Волк вновь завыл, и тут случилось самое страшное. Глубоко внутри меня зашевелился и пробудился зверь. Я вновь посмотрел на лунный серп и попытался утихомирить эту темную сторону моей натуры, но все усилия были тщетными. Волк каким-то образом видел скрывающегося во мне зверя и желал сразиться с ним, а зверь видел его моими глазами и принимал брошенный ему вызов. Однажды, перед тем как покинуть остров, я выпустил его не в ночь полнолуния. Теперь он с силой рвался наружу, преодолевая мое сопротивление, как корабль, идущий против течения.
Я сорвал с себя перчатки, а Пятница помог мне избавиться от плаща и одежды, ибо он заметил, что на меня находит обличье зверя. Когда я принялся раздеваться, мои спутники начали задавать мне недоуменные вопросы, но, увидев, как появляется зверь, потеряли дар речи. Лишь слуга одного из купцов слабо вскрикнул, затем послышались и другие возгласы, но Пятница решительно заставил их замолчать.

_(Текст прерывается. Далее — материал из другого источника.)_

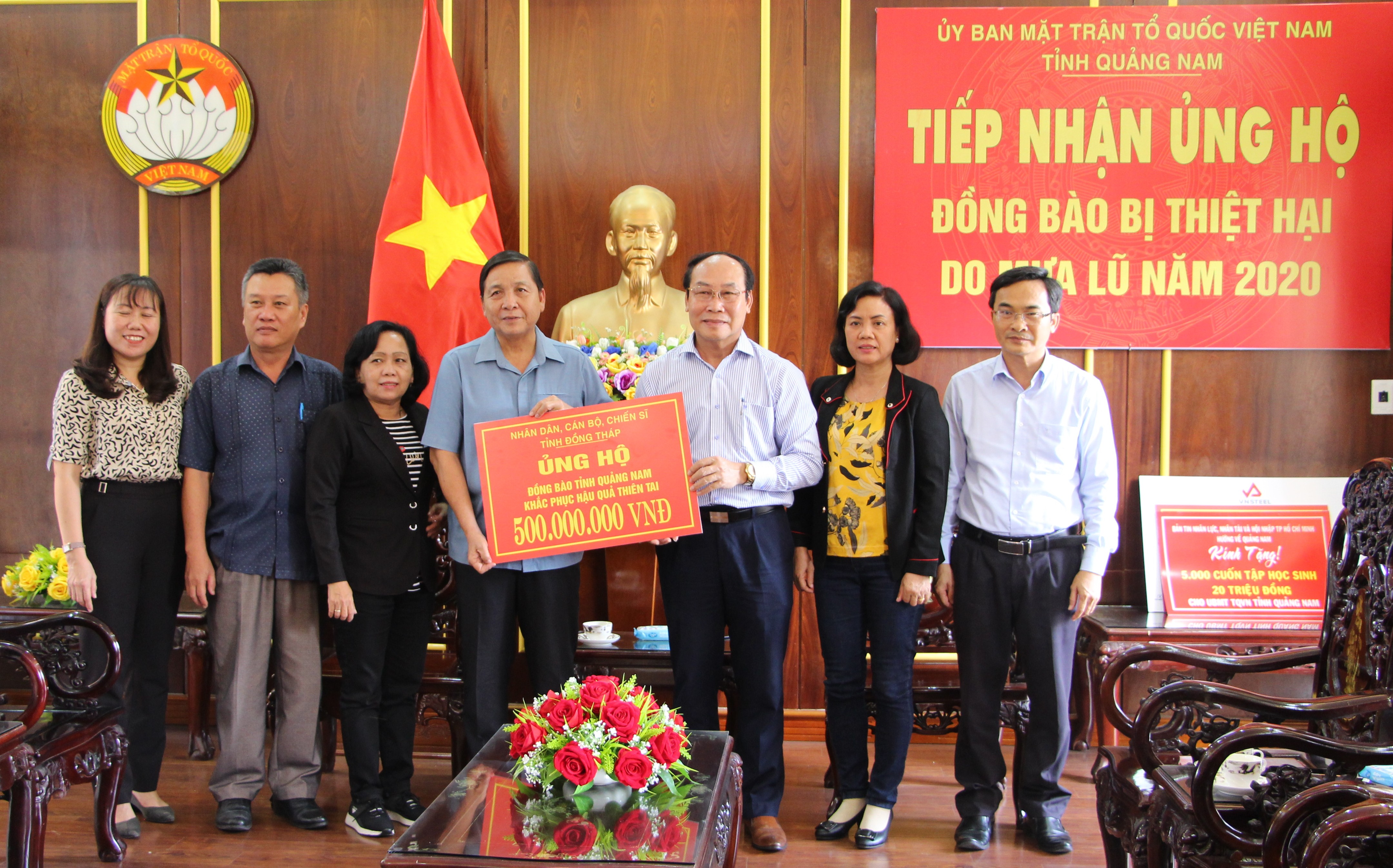 Ông Lê Thành Công- UVBTV Tỉnh ủy, Chủ tịch Ủy ban MTTQ Việt Nam tỉnh Đồng Tháp cùng các thành viên trong Đoàn thay mặt Đảng bộ, chính quyền và Nhân dân tỉnh Đồng Tháp đến thăm hỏi động viên cán bộ và Nhân dân tỉnh Quảng Nam vượt qua khó khăn, nhanh chóng khắc phục hậu quả bão lụt và trao số tiền ủng hộ 500 triệu đồng.

Пока я срывал с себя ненавистную одежду, огромный волк поднялся на задние лапы, как человек, и там, где у него должны были быть лапы, я увидел костяшки пальцев. Мои чувства притупились, и я успел лишь подумать о том, что знаю, кто послал вызов зверю.

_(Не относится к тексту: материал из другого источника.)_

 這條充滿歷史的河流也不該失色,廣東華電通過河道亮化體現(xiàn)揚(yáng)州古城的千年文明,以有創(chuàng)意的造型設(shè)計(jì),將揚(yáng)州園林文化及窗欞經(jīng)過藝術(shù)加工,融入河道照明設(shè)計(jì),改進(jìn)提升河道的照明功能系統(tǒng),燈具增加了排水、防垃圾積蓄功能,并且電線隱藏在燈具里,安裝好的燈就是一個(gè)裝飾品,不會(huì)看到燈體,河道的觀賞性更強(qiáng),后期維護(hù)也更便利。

Схватка была ужасной, и я наблюдал за ней через закопченные линзы сознания. Loup garou, как по-французски называют оборотня, оказался сильным и коварным противником. Он наносил зверю такие раны, какие тот не получал ни разу в жизни, и от этого зверь приходил в еще большую ярость. На мгновение я увидел, как мой слуга Пятница пытается достать loup garou своим деревянным мечом, но зверь набросился на него, заставив отступить. Это была его битва, и никто другой не мог украсть у него победу! Это была его битва, ужасная битва, и вскоре я перестал различать что-либо, кроме боли и крови, зубов и когтей, плоти и воя.
Я очнулся, чувствуя во рту привкус чужой крови, и этот привкус одновременно был и резким, и теплым, и сладостным. Я выплюнул ее, как выплевывают кусок отвратительной пищи.

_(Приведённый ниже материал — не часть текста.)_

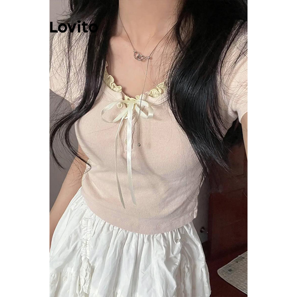 Lovito Camiseta Casual Com Cordão Liso Para Mulheres LNA27322 (Rosa)

Стая исчезла. Последние несколько волков остались посмотреть, как я поднимаюсь с земли, и жалобно поскуливали, когда мой взгляд падал на них, а затем поджали хвосты и потрусили к лесу.
Все мои спутники были либо мертвы, либо бежали. Больше я никогда не слышал о них и даже не знаю, удалось ли им выбраться из леса. Да меня это и не волновало.
На снегу передо мной валялось обнаженное тело старика с перегрызенным горлом. Лицо у него было вытянутое и грязное, борода — густая и спутанная. Это было лицо, которым в последний раз пользовались давным-давно, незадолго до того, как я впервые вышел в море. Я смотрел на него и видел высокие скулы и крупный нос моего отца, а его потускневшие глаза были круглыми, похожими на глаза моей матери, какими я их запомнил.